On Tuesday, at the opening ceremony of the POWs gathering, Plumb, now 80, sat with Mike McGrath, who was 27 when he was shot down near Hanoi on his 179th combat mission.

McGrath, who retired as a Naval captain in 1987, flew an A4C Skyhawk off the USS Constellation. The two pilots shared some stories and then McGrath lead an impromptu tour of the Nixon Library’s newly opened exhibit, “Captured: Shot Down in Vietnam.”

Among the artifacts was a book, “Prisoner of War,” that McGrath wrote and illustrated and presented to Nixon during a previous POW reunion at the Western White House in San Clemente. The book had been found in Nixon’s archives and is now on display in the presidential library.

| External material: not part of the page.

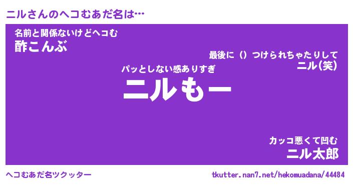 | 男性向けラノベタイトル風あだ名 | 『ニルの憂鬱』『ノーゲーム・ノーニル』 |

As McGrath toured the exhibit, explaining the secret codes used by the prisoners, he ran into other POW veterans, including Mike Brazelton, who invented another code used by the prison. An Air Force pilot, he was among the longest to be held captive.

“They kept watching us day and night to see if we were communicating,” McGrath, 83, said as he leaned on the exhibit wall and tapped a rhythm of knocks that spelled out how he was doing. “If they caught us, they would torture us.”

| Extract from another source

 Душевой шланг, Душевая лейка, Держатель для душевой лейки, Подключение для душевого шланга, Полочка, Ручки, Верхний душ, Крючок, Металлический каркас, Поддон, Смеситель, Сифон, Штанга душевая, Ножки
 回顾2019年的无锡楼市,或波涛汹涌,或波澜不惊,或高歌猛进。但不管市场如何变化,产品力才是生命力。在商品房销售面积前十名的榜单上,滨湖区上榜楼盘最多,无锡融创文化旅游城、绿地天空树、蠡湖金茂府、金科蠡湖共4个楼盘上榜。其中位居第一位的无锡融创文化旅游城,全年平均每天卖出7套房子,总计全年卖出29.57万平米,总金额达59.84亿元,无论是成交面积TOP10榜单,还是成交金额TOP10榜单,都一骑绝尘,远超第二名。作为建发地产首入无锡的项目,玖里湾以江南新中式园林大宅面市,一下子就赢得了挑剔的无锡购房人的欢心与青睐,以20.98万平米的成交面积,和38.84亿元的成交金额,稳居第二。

As he continued to look at artifacts in the exhibit, McGrath found a map of Hanoi that showed the various camps prisoners were rotated between. McGrath said he was at a camp dubbed Dog Patch, about 50 miles from the Chinese border, when he found out that he and the others would be freed.

It was the first time, he said, that he met many of the men he had been communicating with through their secret codes. The prisoners were flown from Vietnam in C-140s and landed at Clark Air Force Base in the Philippines. From there they were returned to their respective towns across the United States.

“We all bounced back and many of us stayed in the military,” McGrath said. “We just got over it. We just happened to have a six-year prison experience. In a healthy life, you press on and you don’t harbor a grudge.”

The importance of the reunion event wasn’t lost to those who lived near the library. Dozens lined Yorba Linda Boulevard to see the parade of POWs, including 16-year-old Connor Udhus, who skipped a few classes to attend.

“I think there is significant importance to honoring the POWs; I think they went through hell,” the teen dressed in a patriotic shirt said. “It’s so important to show respect.”

Across the street, a group of kids in pre-school through high school from a local homeschool program belted out “God Bless America” as the POWs paraded by.

After the parade, a flyover and tours of the presidential library, the POWs and their families were treated to a barbecue and concert.

Among them was Brain Ward, an Air Force navigator “backseater,” who was shot down in 1972 with his pilot.

The San Pedro resident was looking forward to the replica dinner planned for Wednesday, remembering well the one 50 years ago that included celebrities like John Wayne and Irving Berlin. He also had a personal greeting from Nixon.

“It was grand,” Ward said, but added that he had mixed emotions because, unlike many Vietnam veterans, he was celebrated as a hero with an elaborate homecoming, while the others were shunned by an American population that had started to question the war and wanted troops withdrawn.

“No one wanted to hear their story, but they wanted to hear mine,” he said. “They had a different experience.”

The reunion was bittersweet for other as well; many expected it to be the last big gathering of the POWs.

“It’s almost a farewell; it’s bittersweet,” McGrath said. “I’ll never get to see these guys again.”